Entries provided below:

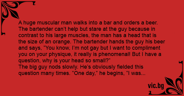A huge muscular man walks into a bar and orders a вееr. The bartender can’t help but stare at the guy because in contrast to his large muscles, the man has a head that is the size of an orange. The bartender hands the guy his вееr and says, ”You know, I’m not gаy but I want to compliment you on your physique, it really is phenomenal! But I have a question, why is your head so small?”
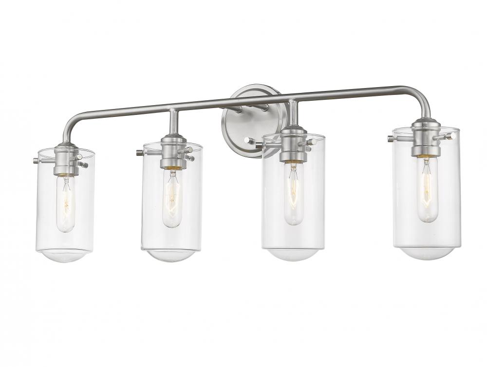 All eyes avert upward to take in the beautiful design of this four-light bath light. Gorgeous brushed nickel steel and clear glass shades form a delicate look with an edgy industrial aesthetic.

End of Entries provided.
Entries provided below:

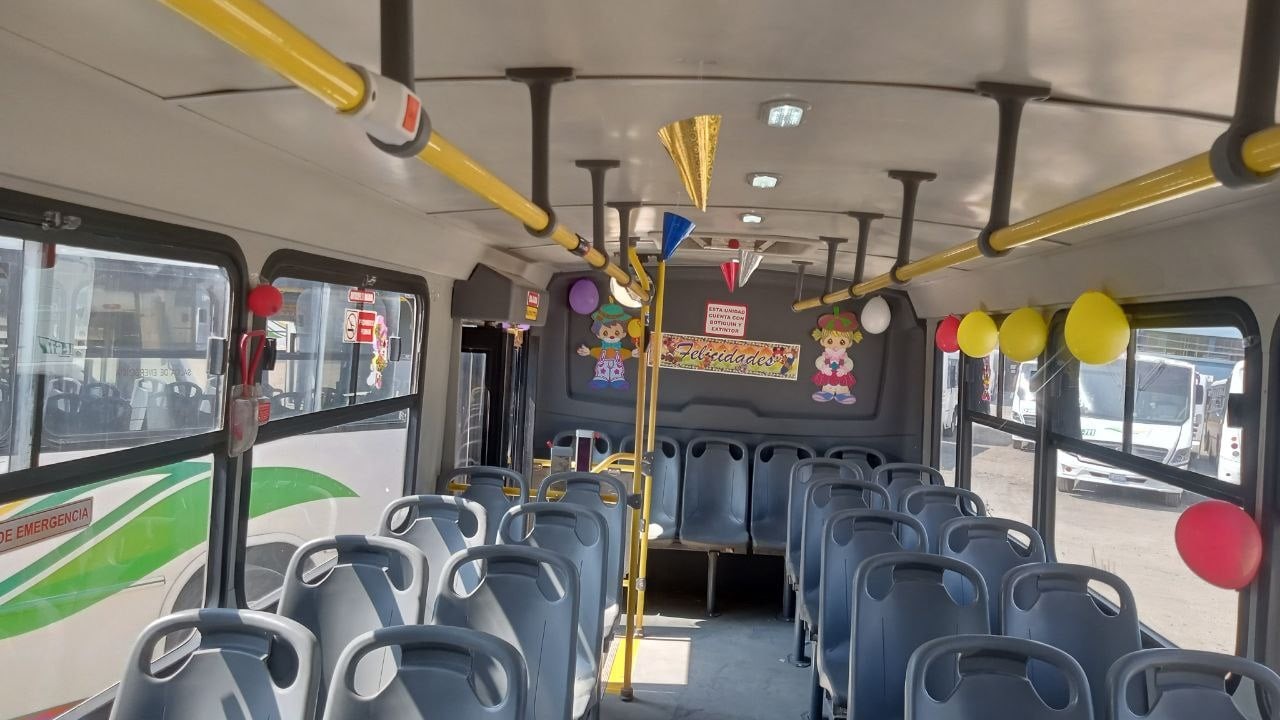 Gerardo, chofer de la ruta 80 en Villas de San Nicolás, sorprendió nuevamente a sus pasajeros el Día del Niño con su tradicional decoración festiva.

End of Entries provided.

> **Activity**
Everything above from the line that has "A huge muscular" down to the line that has "All eyes avert" should be output exactly, with both of those lines included. Leave the pictures behind.

> **Answer for the task**
A huge muscular man walks into a bar and orders a вееr. The bartender can’t help but stare at the guy because in contrast to his large muscles, the man has a head that is the size of an orange. The bartender hands the guy his вееr and says, ”You know, I’m not gаy but I want to compliment you on your physique, it really is phenomenal! But I have a question, why is your head so small?”
 All eyes avert upward to take in the beautiful design of this four-light bath light. Gorgeous brushed nickel steel and clear glass shades form a delicate look with an edgy industrial aesthetic.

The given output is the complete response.